**RECORD SET**
==========

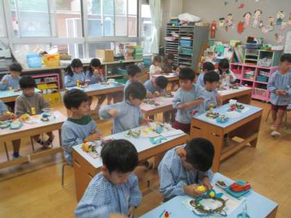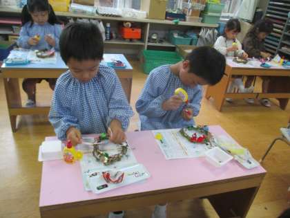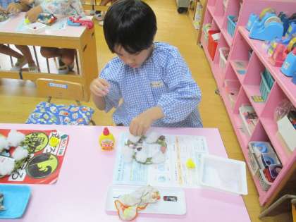 「かわいくできた」「リボンとかキラキラにした」と好きな飾りを選んで構成し、喜んでいたあお組。どんな風に飾ろうかな、楽しみだね。
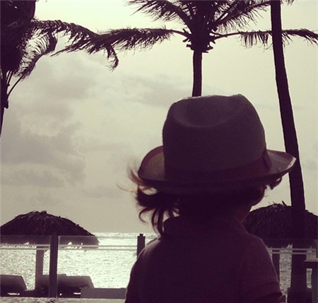 Cô con gái đáng yêu nhà Kaka đang ngắm nhìn biển khi hoàng hôn xuống. |
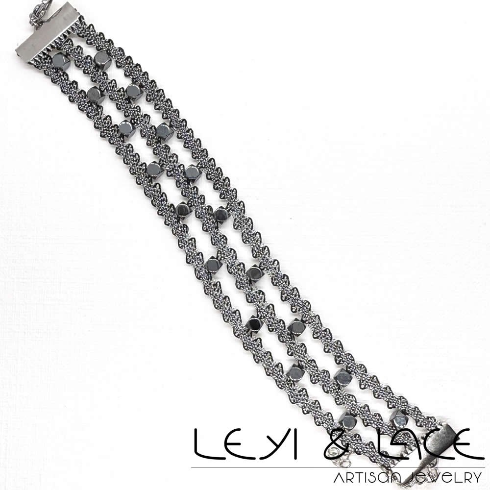 Esta encantadora pulsera Tiras Carbón, realizado en Encaje de Bolillos con hilo metalizado, es la pieza perfecta para realzar cualquier atuendo. Sus delicadas tiras aportan un toque de sofisticación que seguramente capturará todas las miradas.
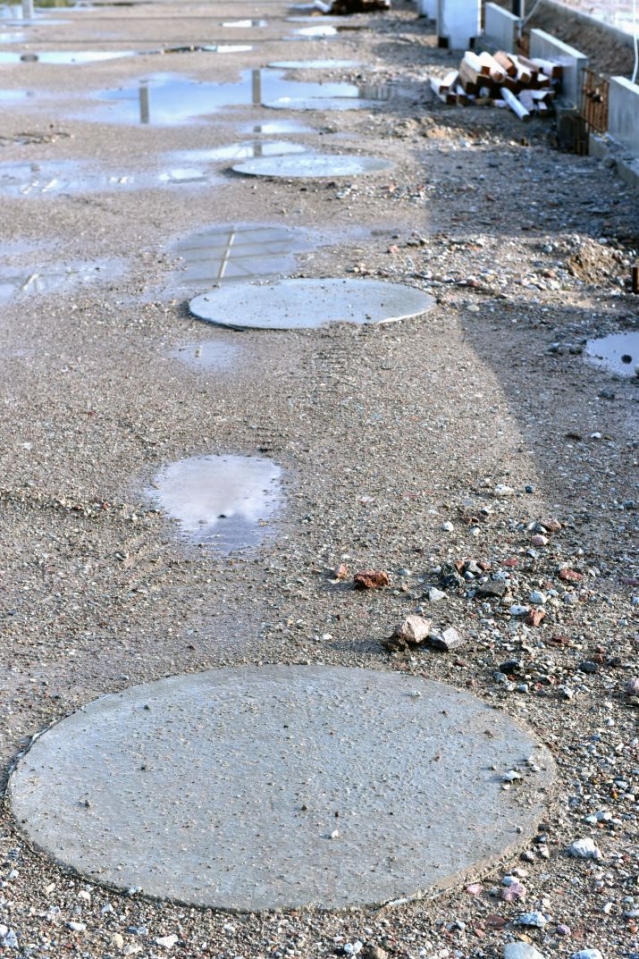 Viscaur VATP būvlaukumā nr. 6 redzamas apaļas dzelzsbetona plāksnes. Zem tām izvietoti 12 m gari pāļi, kuru uzdevums būs pastiprināt grīdas nestspēju.
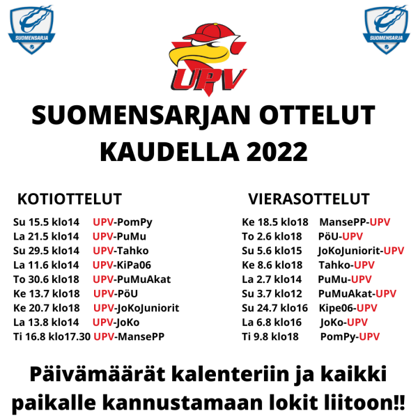 Suomensarjan otteluohjelma on julkaistu!

==========

**WHAT IS NEEDED**
Retype exactly, please, the span from the line holding "Viscaur VATP būvlaukumā" through the closing line of the data, both ends included, without the pictures.

**SOLUTION TO THE PROBLEM**
 Viscaur VATP būvlaukumā nr. 6 redzamas apaļas dzelzsbetona plāksnes. Zem tām izvietoti 12 m gari pāļi, kuru uzdevums būs pastiprināt grīdas nestspēju.
 Suomensarjan otteluohjelma on julkaistu!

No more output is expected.